Wie laufen diese ab? In der Regel ergibt sich für die durchführende Stelle aus dem Akt die Telefonnummer des Mannes. Diesem wird dann per SMS mitgeteilt, dass er sich binnen fünf Tagen zu melden hat bzw. einen ersten Termin für die Beratung ausmachen muss. Dieser Termin wird innerhalb von 14 Tagen ab Kontaktaufnahme anberaumt. Die verpflichtende Beratungsdauer beträgt sechs Stunden. Eine gängige Lösung besteht darin, dass man drei Beratungs-Doppelstunden vereinbart. Kommt der Gefährder nicht zu den Terminen, wird umgehend die Polizei verständigt.

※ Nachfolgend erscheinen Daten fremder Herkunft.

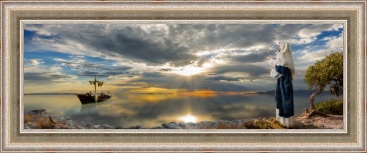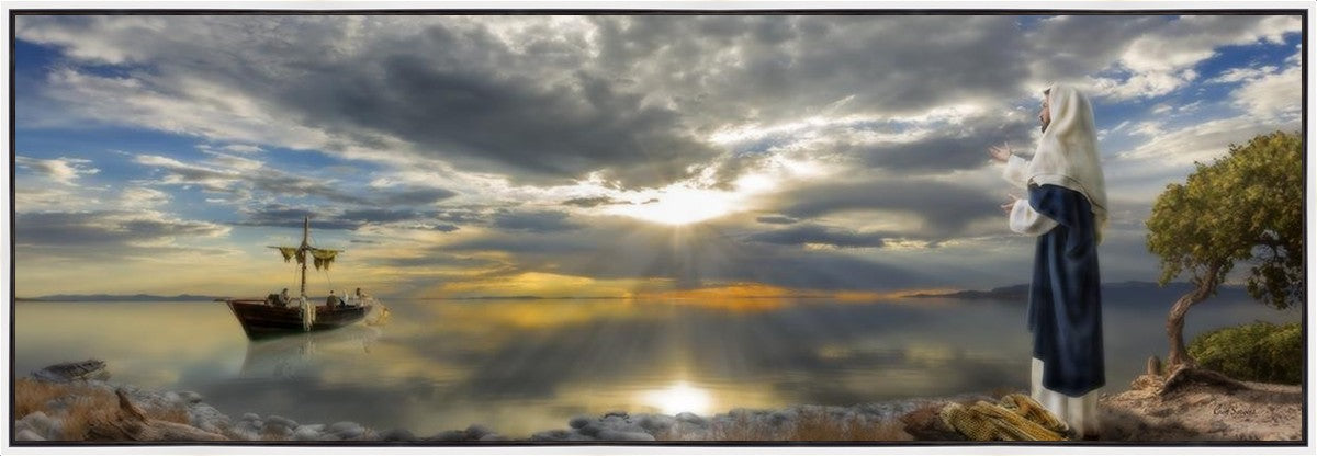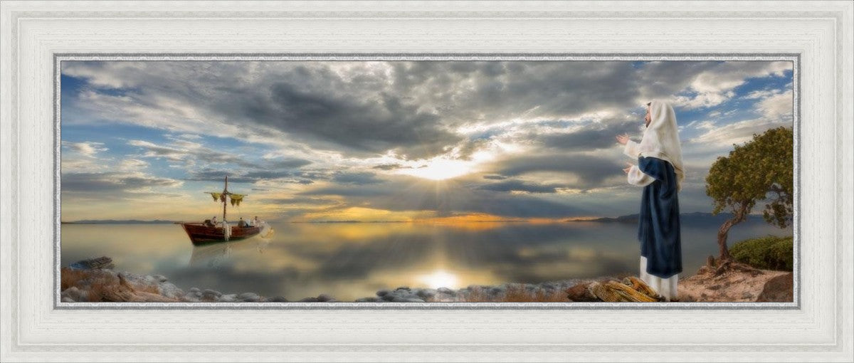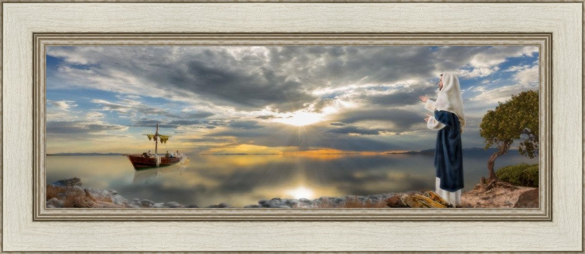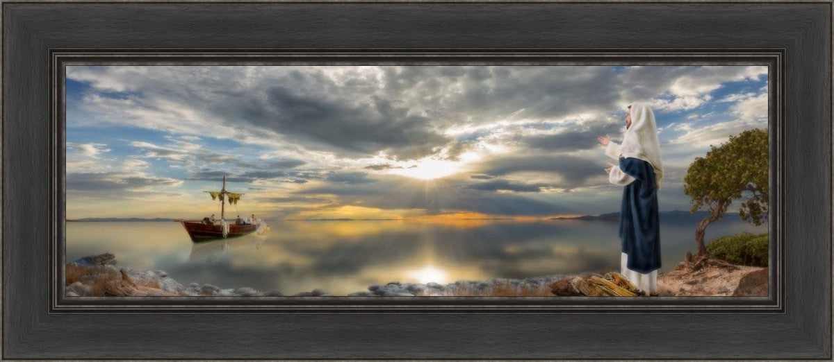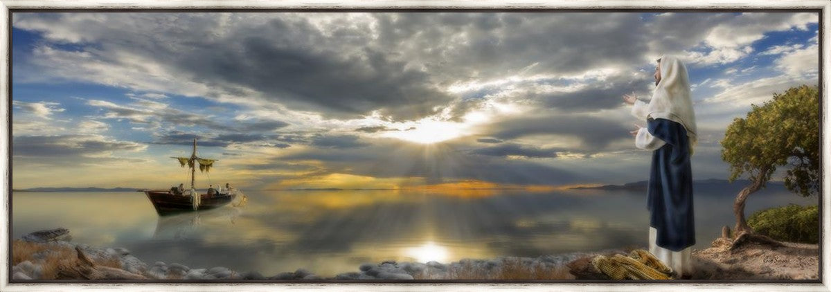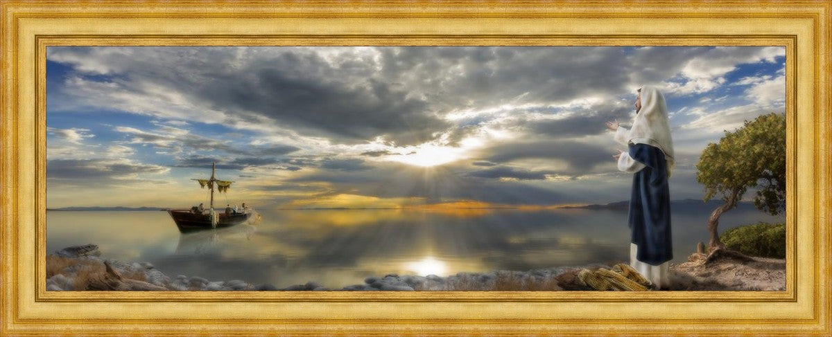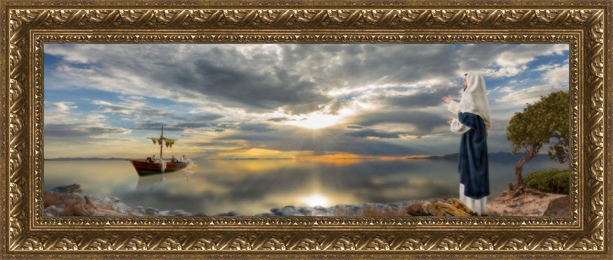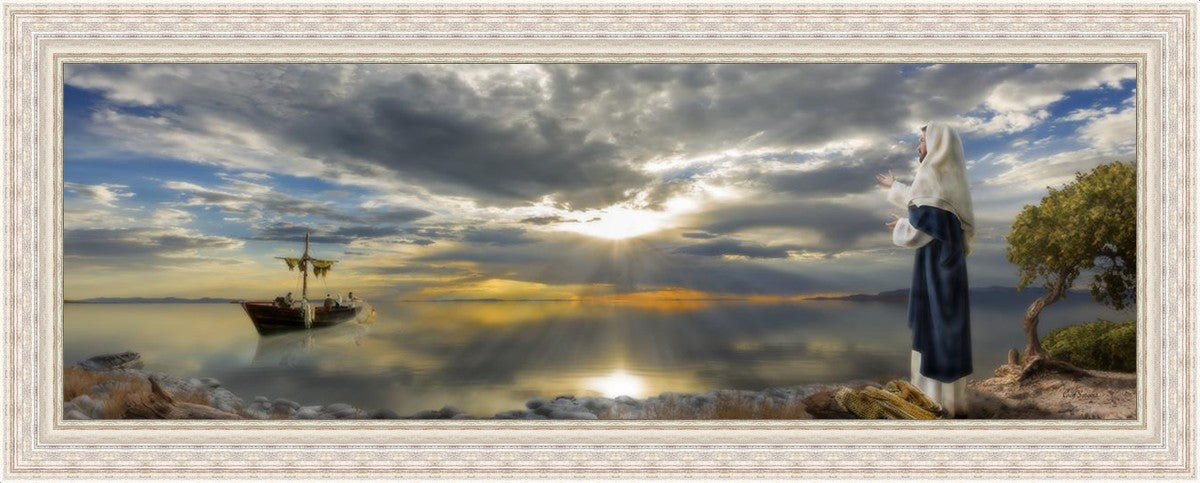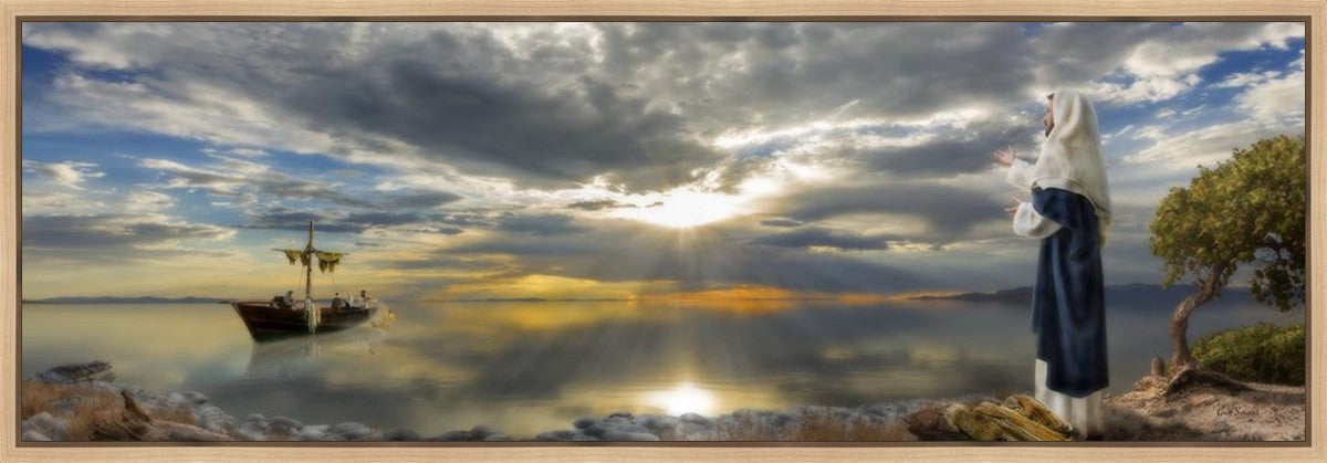 Then as the morning sun broke through the clouds they saw a figure on the distant shore and heard the voice suggesting they should cast their nets to the other side of the boat.****
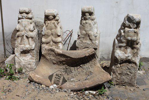 四尊螭首高90-100厘米不等,由漢白玉雕刻而成 攝/法制晚報·看法新聞記者 崔毅飛
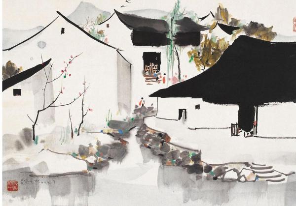 在滿足了基本需求后,孟浩凡才開始考慮,如何為這座古鎮(zhèn)保留傳統(tǒng)江南民居的神韻,又體現(xiàn)出現(xiàn)代學(xué)的美感和創(chuàng)意。他想到了畫家吳冠中。孟浩凡說,比起具象的元素,他更多考慮的是保留“氣質(zhì)”?!氨热缯f你看這色調(diào),色調(diào)是白墻綠瓦,中間有一些灰色系的這種磚,都是老色調(diào)的基底給我們的感覺。這種壓頂?shù)木€條,像吳冠中的畫,都是很抽象的嘛。畫江南民居,他畫出來很抽象的藝術(shù)畫,沒有具象的符號(hào),但是你一看這個(gè)東西它就是江南的,因?yàn)槲蓓數(shù)倪@種曲線、線條,勾勒出了江南的這種俊秀?!?/p>
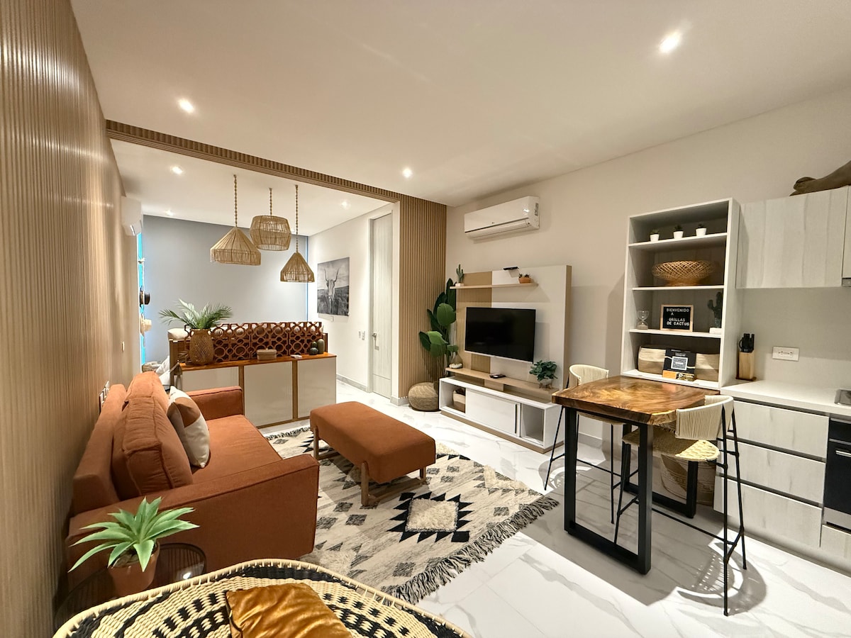 Vakna till havets ljud och njut av en lyxupplevelse i Santa Marta. 🌊 Denna lägenhet kombinerar komfort och stil med en spektakulär panoramautsikt över havet, utomhuspool och direkt tillgång till stranden. Det är den perfekta platsen för familjer, små grupper eller resenärer som vill koppla av med alla moderna bekvämligheter bara några minuter från staden. Dessutom kan du njuta av en restaurang i samma komplex med utsökt internationell mat. 🍴

Polizei nimmt Schlüssel ab

Bei „Neustart“ heißt es, man habe die Erfahrung gemacht, dass die Männer die Beratungen ernst nehmen. Während des zweiwöchigen Betretungsverbots kommen die meisten übrigens bei den Eltern oder bei Bekannten unter (vielfach wird ihnen von der Polizei der Wohnungsschlüssel abgenommen).

„In sechs Stunden ist eine Verhaltensänderung nicht möglich“, meinte zuletzt die Geschäftsführerin des Gewaltschutzzentrums Oberösterreich, Eva Schuh. Aber man könne darauf hinarbeiten, dass ein Gefährder eine längere Beratung in Anspruch nehme.

Eben dies passiert auch. Man rede den Männern ins Gewissen, heißt es bei „Neustart“. Etwa so: „Was meinen Sie, wie Ihre Kinder einmal über ihren Vater denken?“ Man mache deutlich, dass Gewalt kein Problem löse – und vermittle die Gefährder nach der Pflicht-Beratung gegebenenfalls an andere Organisationen weiter.